[Extracted records]
___

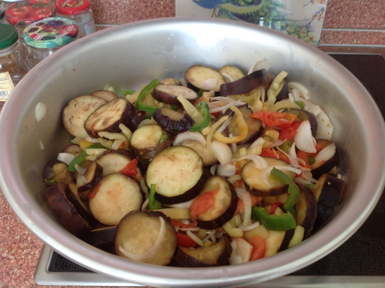 Закинули все домой, и мои поехали в кино на Охотники за привидениями, я дома осталась по хозяйству полетать. Наварила салата из баклажанов
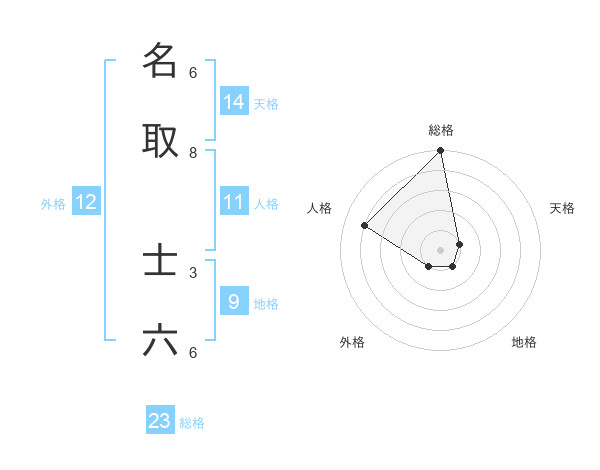 名取 士六さんの総格は23画の5点!
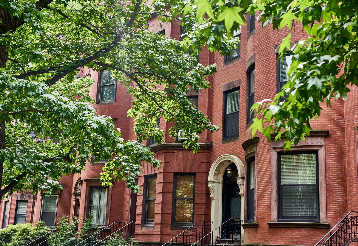 This typical Boston brownstone is one of eight contiguous houses (82 to 94 Bay State Road) built for George Wheatland, a prominent Back Bay developer, by architect S.D. Kelley in 1899. Kelley is responsible for almost thirty properties on the street.
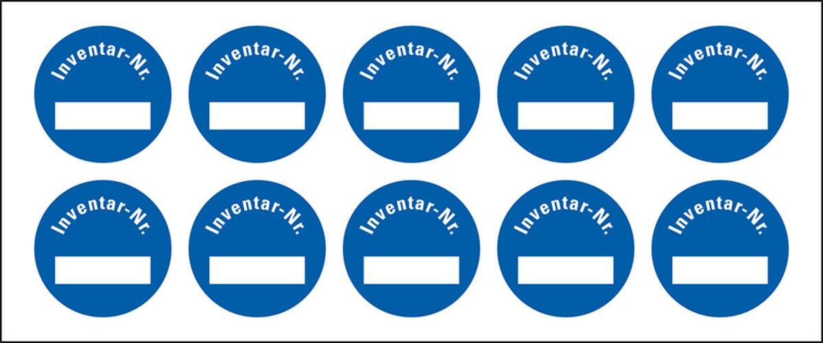 Auswahl: Inventaretikett Inventar Nr., blau, 3M Scotchcal, Klappkaschierung, Ø 40mm, 10/Bogen
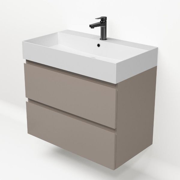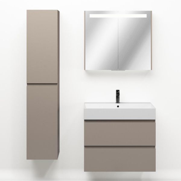 Greeploos badkamermeubel in de kleur taupe is 80 cm breed.  De wastafel is vervaardig in keramiek en heeft de kleur wit mat keramiek. Dit badkamermeubel met deze wastafel is leverbaar tussen de 60 cm t/m 160 cm
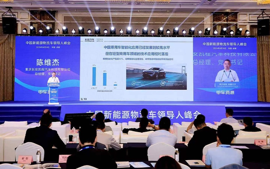 作为新能源商用车领域的领军企业,长安凯程在此次盛会上备受瞩目。长安凯程总经理、党委书记陈维杰亲临现场并发表以“新智技术驱动物流生态革新——效率为本,生态共赢”为主题的精彩演讲。他深刻剖析了当前新能源商用车市场的现状,分享了长安凯程对轻型商用车新能源数智化探索与实践。他强调,长安凯程将更加坚定新能源、数智化的快速转型,以用户需求为导向,坚持以科技创新培育新质生产力,助力中国新能源汽车事业蓬勃发展。

___

TASK OBJECTIVE ▸
Exactly the lines from the one with "名取 士六さんの総格は23画の5点!" through the end of the entries above must be written out, and no pictures may be included.

REPLY TO THE EXERCISE ▸
 名取 士六さんの総格は23画の5点!
 This typical Boston brownstone is one of eight contiguous houses (82 to 94 Bay State Road) built for George Wheatland, a prominent Back Bay developer, by architect S.D. Kelley in 1899. Kelley is responsible for almost thirty properties on the street.
 Auswahl: Inventaretikett Inventar Nr., blau, 3M Scotchcal, Klappkaschierung, Ø 40mm, 10/Bogen
 Greeploos badkamermeubel in de kleur taupe is 80 cm breed.  De wastafel is vervaardig in keramiek en heeft de kleur wit mat keramiek. Dit badkamermeubel met deze wastafel is leverbaar tussen de 60 cm t/m 160 cm
 作为新能源商用车领域的领军企业,长安凯程在此次盛会上备受瞩目。长安凯程总经理、党委书记陈维杰亲临现场并发表以“新智技术驱动物流生态革新——效率为本,生态共赢”为主题的精彩演讲。他深刻剖析了当前新能源商用车市场的现状,分享了长安凯程对轻型商用车新能源数智化探索与实践。他强调,长安凯程将更加坚定新能源、数智化的快速转型,以用户需求为导向,坚持以科技创新培育新质生产力,助力中国新能源汽车事业蓬勃发展。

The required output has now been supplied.